> [What is needed] Once "ชุมชนแสงเทียน ต.สวนใหญ่ อ.เมือง" turns up in a line below, reproduce that line and those after it exactly, stopping after the line with "- 하단에 이어지는 거래량"; leave pictures out.

> [Data in this exercise]
————————
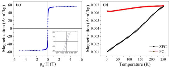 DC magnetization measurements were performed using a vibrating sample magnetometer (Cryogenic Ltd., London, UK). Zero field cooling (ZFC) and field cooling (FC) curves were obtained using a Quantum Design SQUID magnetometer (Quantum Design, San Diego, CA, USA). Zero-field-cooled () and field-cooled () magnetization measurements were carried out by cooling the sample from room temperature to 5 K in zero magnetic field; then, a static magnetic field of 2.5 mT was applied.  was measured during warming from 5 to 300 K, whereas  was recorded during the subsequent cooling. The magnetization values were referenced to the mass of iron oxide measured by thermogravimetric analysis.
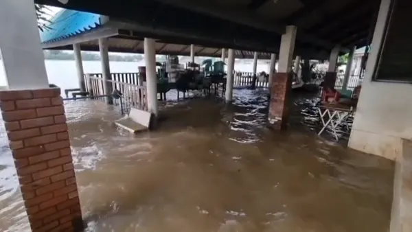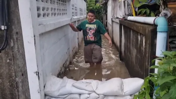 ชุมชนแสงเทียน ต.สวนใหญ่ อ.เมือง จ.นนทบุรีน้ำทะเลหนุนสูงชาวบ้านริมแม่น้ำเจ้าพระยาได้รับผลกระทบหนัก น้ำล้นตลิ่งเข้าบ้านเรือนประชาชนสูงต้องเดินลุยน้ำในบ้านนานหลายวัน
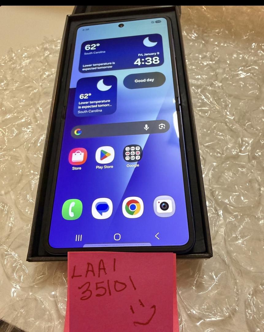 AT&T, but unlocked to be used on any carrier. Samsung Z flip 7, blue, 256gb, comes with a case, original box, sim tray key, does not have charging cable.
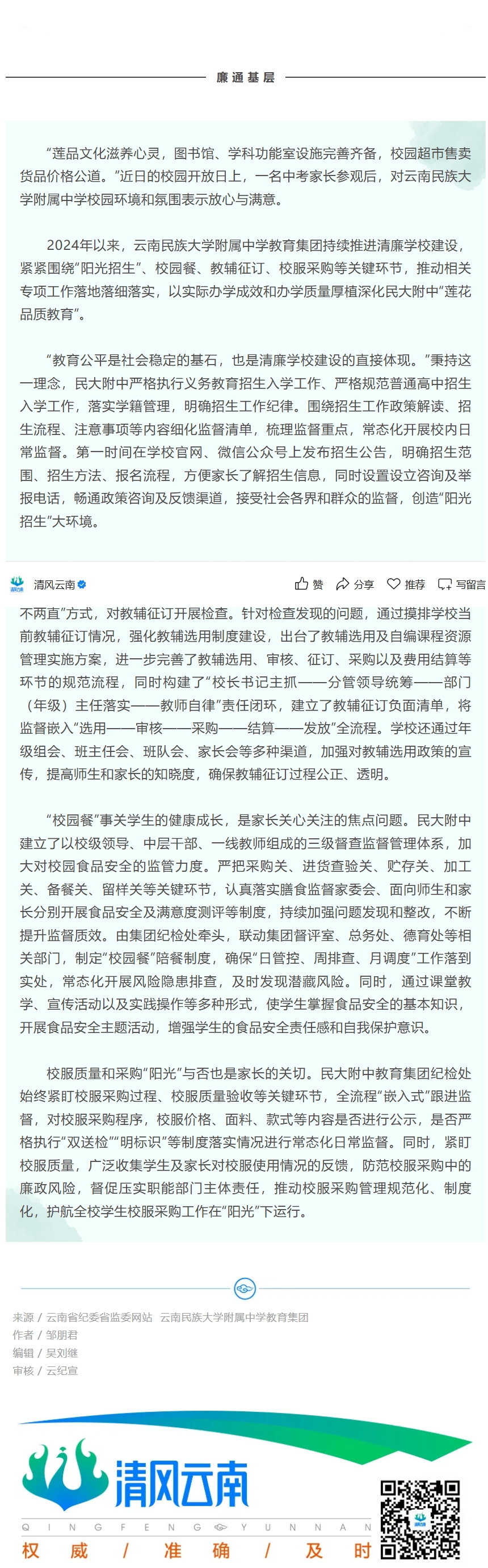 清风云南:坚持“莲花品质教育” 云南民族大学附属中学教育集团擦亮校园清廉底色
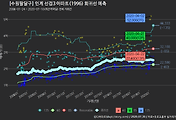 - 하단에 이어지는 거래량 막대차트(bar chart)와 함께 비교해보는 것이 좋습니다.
————————
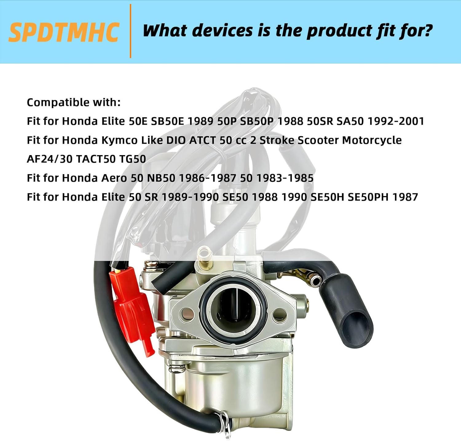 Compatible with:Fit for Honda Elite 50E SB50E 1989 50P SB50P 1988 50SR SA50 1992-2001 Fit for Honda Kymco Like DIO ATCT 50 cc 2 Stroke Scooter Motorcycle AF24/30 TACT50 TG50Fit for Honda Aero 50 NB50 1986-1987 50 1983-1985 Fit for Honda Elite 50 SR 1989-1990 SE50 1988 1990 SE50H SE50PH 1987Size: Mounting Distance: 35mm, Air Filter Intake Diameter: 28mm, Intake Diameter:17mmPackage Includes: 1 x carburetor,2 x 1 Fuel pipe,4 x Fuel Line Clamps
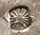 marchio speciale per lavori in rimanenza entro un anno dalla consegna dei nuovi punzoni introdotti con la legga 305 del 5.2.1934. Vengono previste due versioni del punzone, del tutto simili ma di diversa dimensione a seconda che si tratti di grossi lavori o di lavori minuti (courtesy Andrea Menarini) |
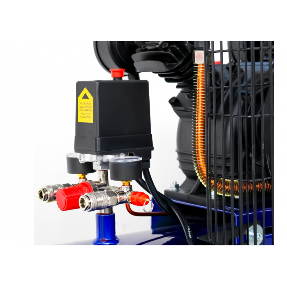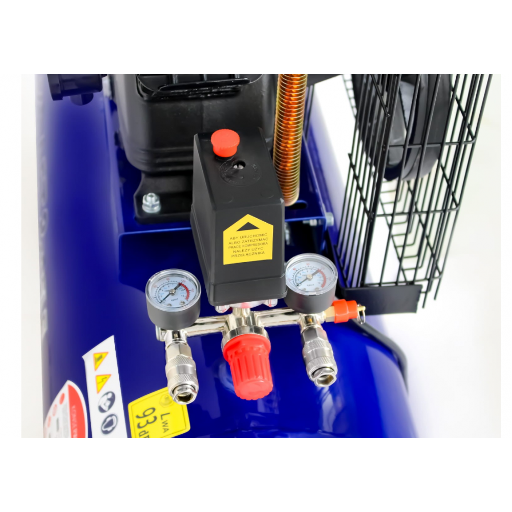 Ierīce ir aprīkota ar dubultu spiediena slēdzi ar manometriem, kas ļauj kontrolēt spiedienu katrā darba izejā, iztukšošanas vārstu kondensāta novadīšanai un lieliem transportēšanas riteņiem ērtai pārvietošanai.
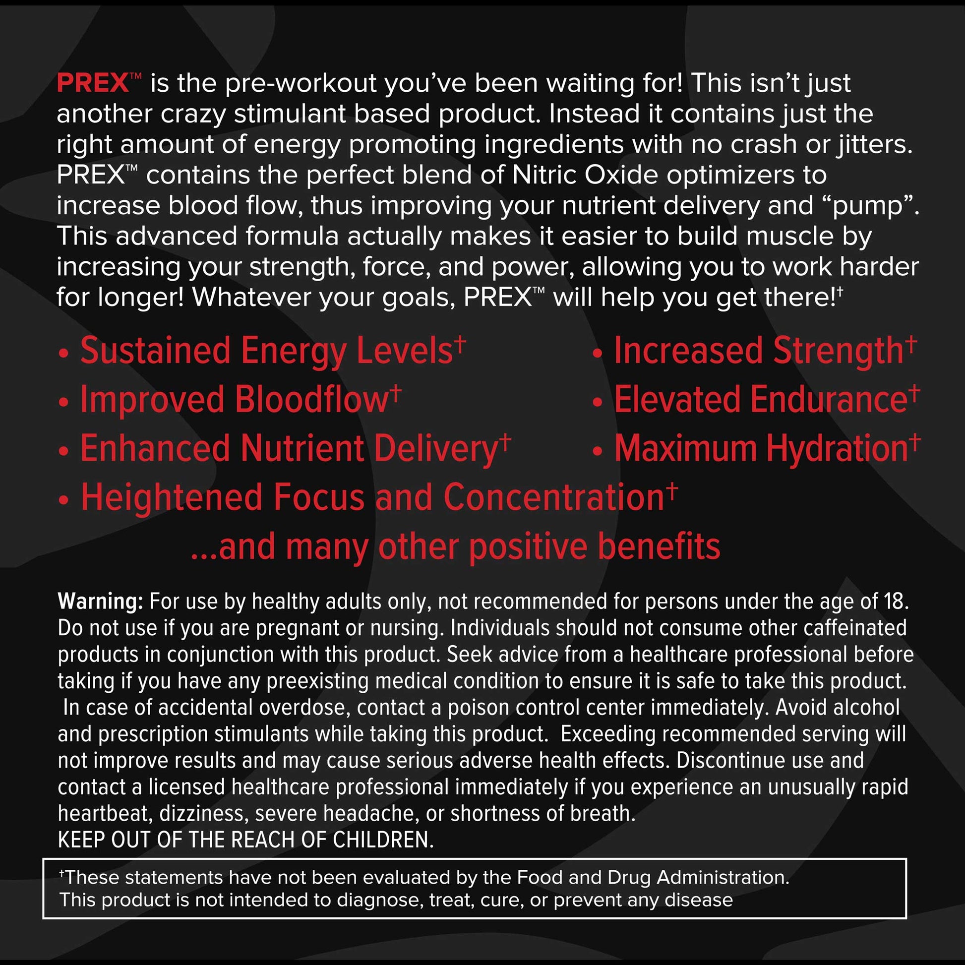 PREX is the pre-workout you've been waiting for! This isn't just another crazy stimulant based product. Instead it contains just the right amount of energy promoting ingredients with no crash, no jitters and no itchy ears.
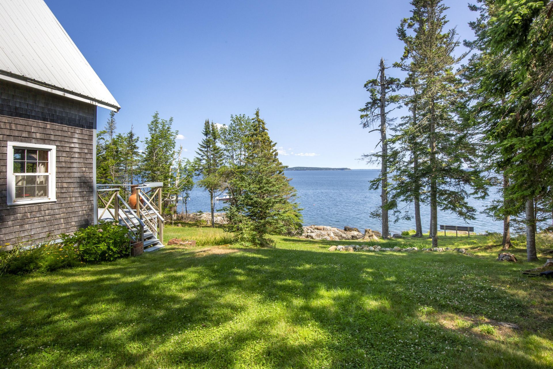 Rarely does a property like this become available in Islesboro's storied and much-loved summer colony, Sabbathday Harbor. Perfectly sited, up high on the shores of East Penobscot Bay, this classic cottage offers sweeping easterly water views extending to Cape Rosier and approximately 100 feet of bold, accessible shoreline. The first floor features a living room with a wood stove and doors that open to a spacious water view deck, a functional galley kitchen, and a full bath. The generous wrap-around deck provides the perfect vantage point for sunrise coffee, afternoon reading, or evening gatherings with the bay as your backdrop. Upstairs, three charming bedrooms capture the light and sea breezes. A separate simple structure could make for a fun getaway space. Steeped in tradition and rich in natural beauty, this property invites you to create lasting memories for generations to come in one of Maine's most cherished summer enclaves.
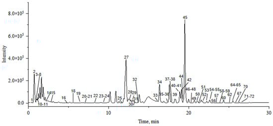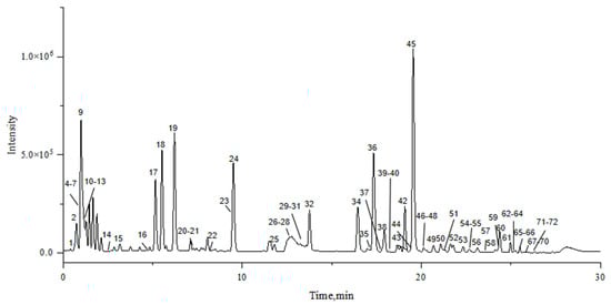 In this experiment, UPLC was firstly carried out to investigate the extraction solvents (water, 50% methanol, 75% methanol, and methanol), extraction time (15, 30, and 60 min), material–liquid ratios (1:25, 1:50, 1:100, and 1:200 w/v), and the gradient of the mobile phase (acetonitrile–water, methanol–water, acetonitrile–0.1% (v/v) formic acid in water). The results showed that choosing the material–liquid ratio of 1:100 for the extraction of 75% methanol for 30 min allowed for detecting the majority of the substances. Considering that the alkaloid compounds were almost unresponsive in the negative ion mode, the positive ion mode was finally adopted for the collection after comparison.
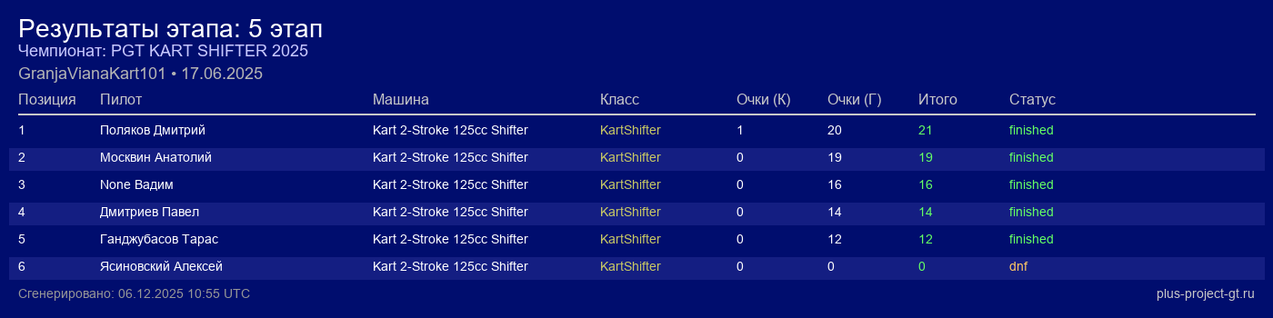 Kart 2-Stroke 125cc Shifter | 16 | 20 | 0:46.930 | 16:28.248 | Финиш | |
————————
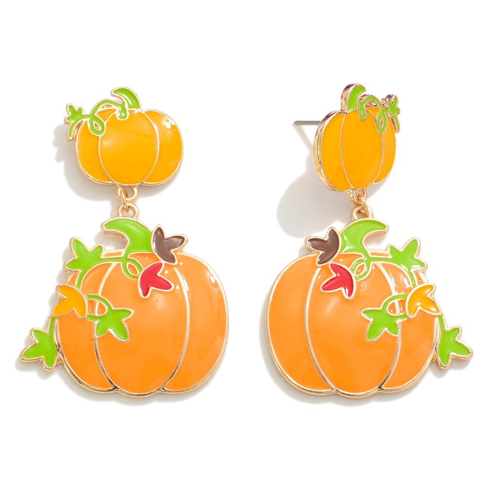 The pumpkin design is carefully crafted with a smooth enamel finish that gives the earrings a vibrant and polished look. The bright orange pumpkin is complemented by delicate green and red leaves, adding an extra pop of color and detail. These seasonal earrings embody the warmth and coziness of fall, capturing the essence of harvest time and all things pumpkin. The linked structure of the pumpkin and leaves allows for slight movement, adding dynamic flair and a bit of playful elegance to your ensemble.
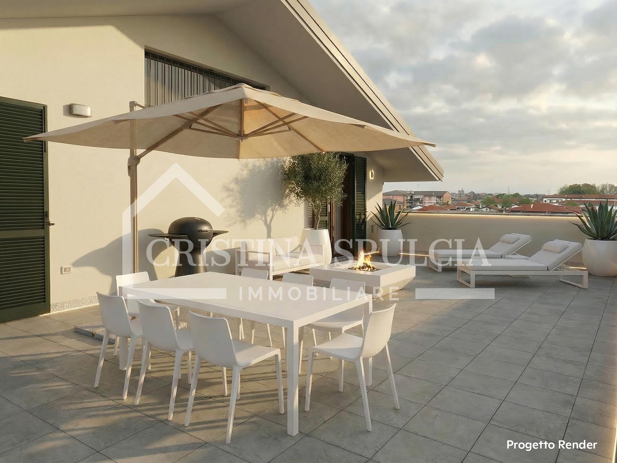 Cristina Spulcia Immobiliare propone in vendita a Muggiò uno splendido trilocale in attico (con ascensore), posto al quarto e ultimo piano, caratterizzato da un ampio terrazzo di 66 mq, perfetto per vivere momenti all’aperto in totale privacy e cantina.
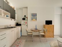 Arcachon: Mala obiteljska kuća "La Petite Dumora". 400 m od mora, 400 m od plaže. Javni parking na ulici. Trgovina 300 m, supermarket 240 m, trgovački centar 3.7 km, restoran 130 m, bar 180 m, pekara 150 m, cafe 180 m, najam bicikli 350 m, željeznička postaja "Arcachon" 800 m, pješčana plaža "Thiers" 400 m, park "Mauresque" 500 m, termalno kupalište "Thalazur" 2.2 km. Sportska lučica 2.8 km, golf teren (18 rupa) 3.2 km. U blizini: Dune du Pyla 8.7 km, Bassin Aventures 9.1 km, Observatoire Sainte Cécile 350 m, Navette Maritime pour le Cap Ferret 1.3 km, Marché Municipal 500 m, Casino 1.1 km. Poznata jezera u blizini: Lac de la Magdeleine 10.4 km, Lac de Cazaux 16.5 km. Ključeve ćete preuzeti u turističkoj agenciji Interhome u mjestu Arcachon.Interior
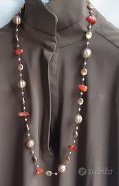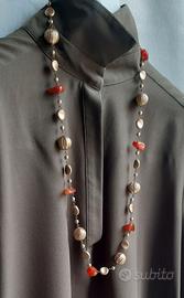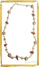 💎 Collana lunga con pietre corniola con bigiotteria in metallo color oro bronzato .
————————
> [Task result]
 ชุมชนแสงเทียน ต.สวนใหญ่ อ.เมือง จ.นนทบุรีน้ำทะเลหนุนสูงชาวบ้านริมแม่น้ำเจ้าพระยาได้รับผลกระทบหนัก น้ำล้นตลิ่งเข้าบ้านเรือนประชาชนสูงต้องเดินลุยน้ำในบ้านนานหลายวัน
 AT&T, but unlocked to be used on any carrier. Samsung Z flip 7, blue, 256gb, comes with a case, original box, sim tray key, does not have charging cable.
 清风云南:坚持“莲花品质教育” 云南民族大学附属中学教育集团擦亮校园清廉底色
 - 하단에 이어지는 거래량 막대차트(bar chart)와 함께 비교해보는 것이 좋습니다.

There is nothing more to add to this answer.